Mme Labrecque (Élise) : ...l'exemple que vous donnez, ce n'est pas un exemple où on déroge, parce que la Convention elle-même prévoit qu'on n'est pas obligés de donner une telle assistance juridique si on offre la possibilité pour la partie de... de faire ses représentations gratuitement. C'est l'article 14, Accès effectif aux procédures, le paragraphe 3° : «L'État... l'État requis n'est pas tenu de fournir une telle assistance juridique gratuite ici et dans la mesure où les procédures de cet État permettent au demandeur d'agir sans avoir besoin d'une telle assistance, et que l'autorité centrale fournit gratuitement les services nécessaires.» Ce qu'on fera. Donc, ça, ça décrit notre procédure qui est alternative à aller à la cour directement.

Mme Garceau : Bien, en termes de l'article... OK, l'article... En tout cas, pour l'article 14, l'alinéa 3, et je suis en train de... de lire l'article, mais là, même... C'est parce que vous aviez mentionné que, si jamais il y a une assistance juridique qui est nécessaire, ça va être via l'autorité centrale, le ministère de la Justice. Et donc, ça va être gratuit. Mais, moi, je voulais juste m'assurer que ce soit prévu, cet aspect-là.

La Présidente (Mme Lecours, Les Plaines) : Mme la ministre. Ou Me Labrecque.

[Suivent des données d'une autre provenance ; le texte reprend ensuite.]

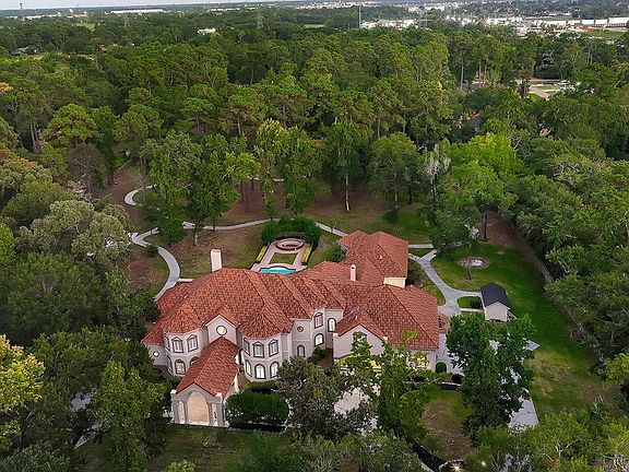 Sprawling estate located on 4.5 gated & fenced acres in Spring! Circular drive w/porte-cochere, 3 car garage, dual entry doors, impressive 2 story foyer w/barrel ceiling, fresh interior paint, new carpet, all new LED lighting, extensive marble & hardwood floors, plantation shutters & more! See list. Enormous study w/new quartz counters, built-in desk & shelving; formal dining room w/triple crown moulding, built-in buffet w/2 warming drawers & a Schonbeck chandelier; dramatic formal living w/gas fireplace, floor to ceiling windows overlooking the private acreage & pool & adjacent wet bar. Open & airy kitchen w/2 walk-in pantries, 2 new sinks, new quartz counters, & refaced cabinets w/new hardware. The kitchen opens to the light filled breakfast room & den. 2nd study (or flex space) + Gym & craft room; palatial primary bedroom down; primary bath w/2 huge walk-in closets, 2 bidets, gorgeous shower & freestanding tub; 4 bedrooms w/en-suite baths, game room w/balcony & media up; casita too!

Mme Labrecque (Élise) : Au règlement, on va prévoir qu'on peut avoir accès au... donc, on va... par la procédure des formulaires et que, si le tribunal a besoin d'un éclairage, il pourrait avoir accès aux... aux services d'un... d'un avocat désigné par le Procureur général.

Mme Garceau : Mais c'est pour ça, donc, je voulais juste m'assurer... Parce qu'en tout cas, moi, je regardais plutôt l'article 15, je comprends qu'il y a l'article 14.3, mais c'est sûr que la transparence, c'est très important en termes de... que ce soient les créancières ou les débiteurs, s'il y a une dérogation de quelque nature que ce soit, que ce soit publié pour que les gens sachent qu'il y a cette dérogation. Je pense que c'est important.

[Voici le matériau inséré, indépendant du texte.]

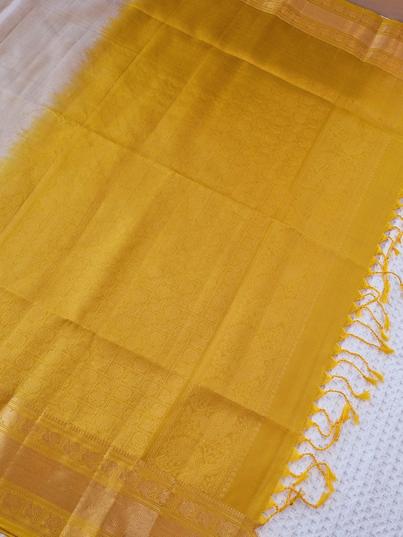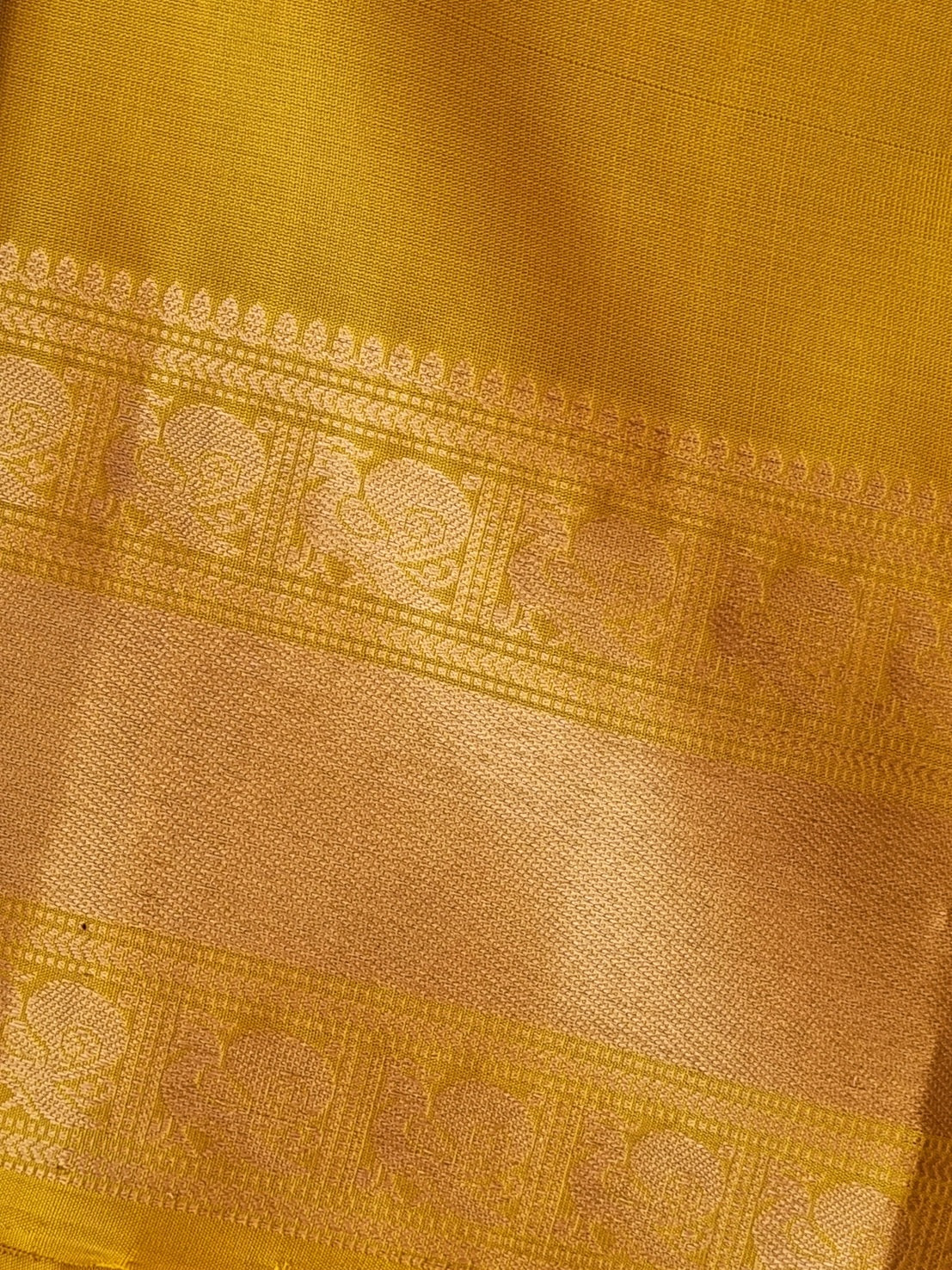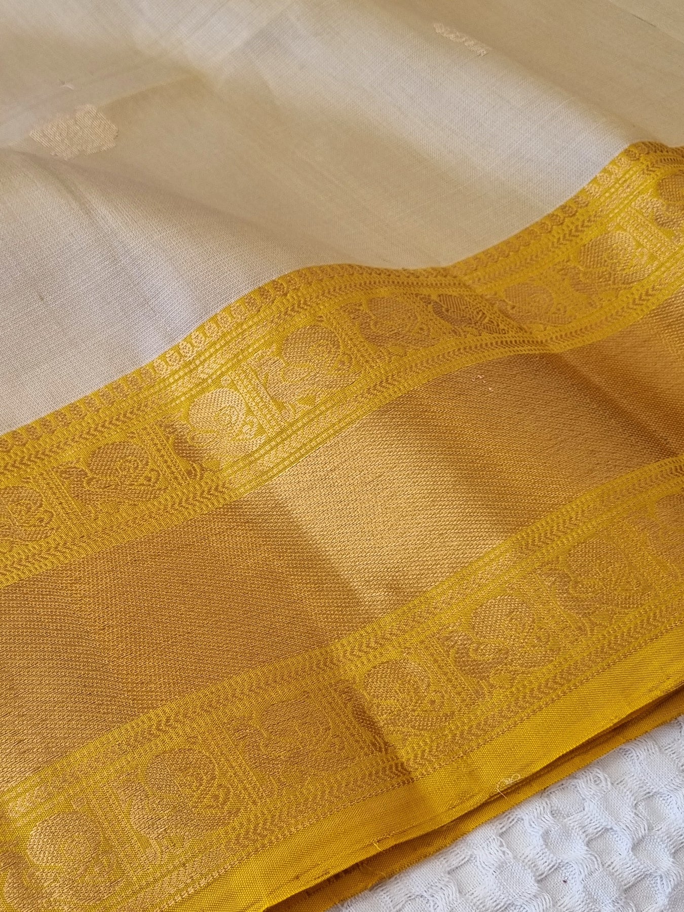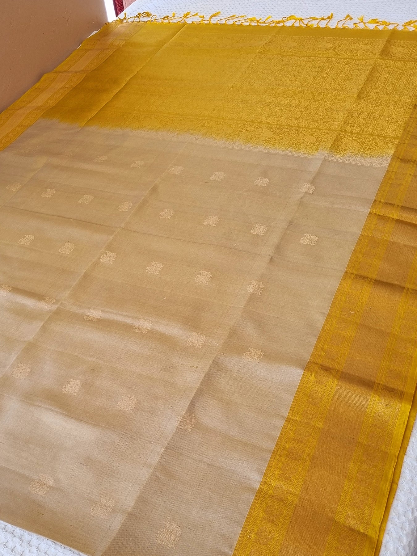 Beautiful Handwoven Soft Silk Saree with a contrast edgings and intricately woven gold motifs on the body and a rich woven pallu

Mme Labrecque (Élise) : Oui... Oui, bien... Donc, on aurait, si vous voulez qu'on en discute... on aurait des propositions pour que votre préoccupation soit... soit prise en compte, là.

Mme Garceau : Oui. Mais, de façon générale... Parce que, moi, je ne le sais pas, là... Vous allez déroger à... à quelle... quelle autre disposition de la Convention? Moi, je ne le sais pas. Donc, tout ce que je dis, c'est que, s'il va y avoir une dérogation de quelque nature que ce soit... qu'elle soit publiée.

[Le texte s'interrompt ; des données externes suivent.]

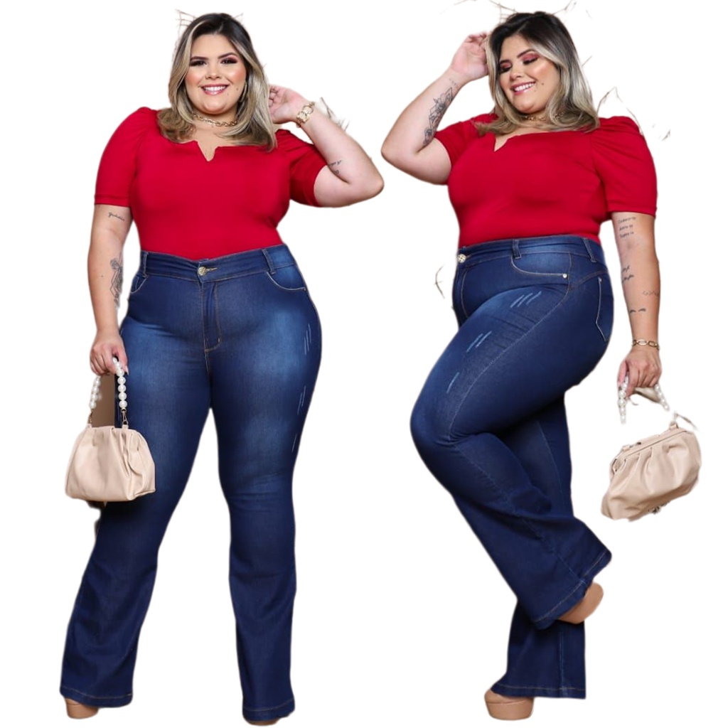 Cal a Jeans Flare Plus Size Boca de Sino Linha Premium Elastano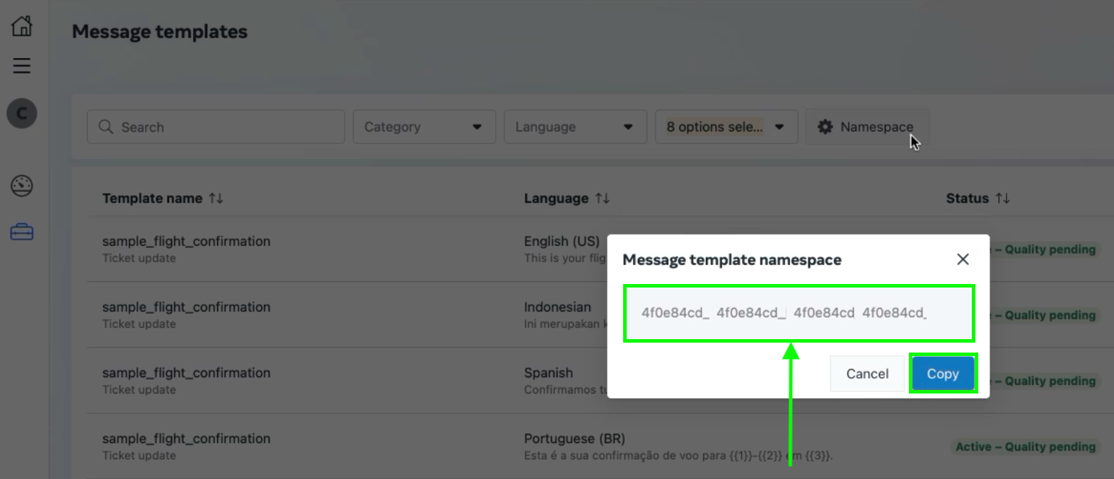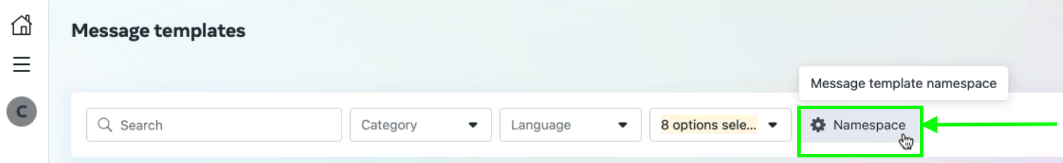 El WhatsApp Namespace lo puedes encontrar igualmente en tu Facebook Business Account o puedes preguntar a tu contacto de SunCo, o quien administre tu WABA.

La Présidente (Mme Lecours, Les Plaines) : Alors là, c'est vrai, mes chers collègues, l'heure consacrée... tout le temps consacré pour ce soir, à l'étude, est terminé. Alors, compte tenu de l'heure, la commission ajourne ses travaux au vendredi 27 mars 2026, à 10 heures, où elle entreprendra une autre... un autre mandat. Merci.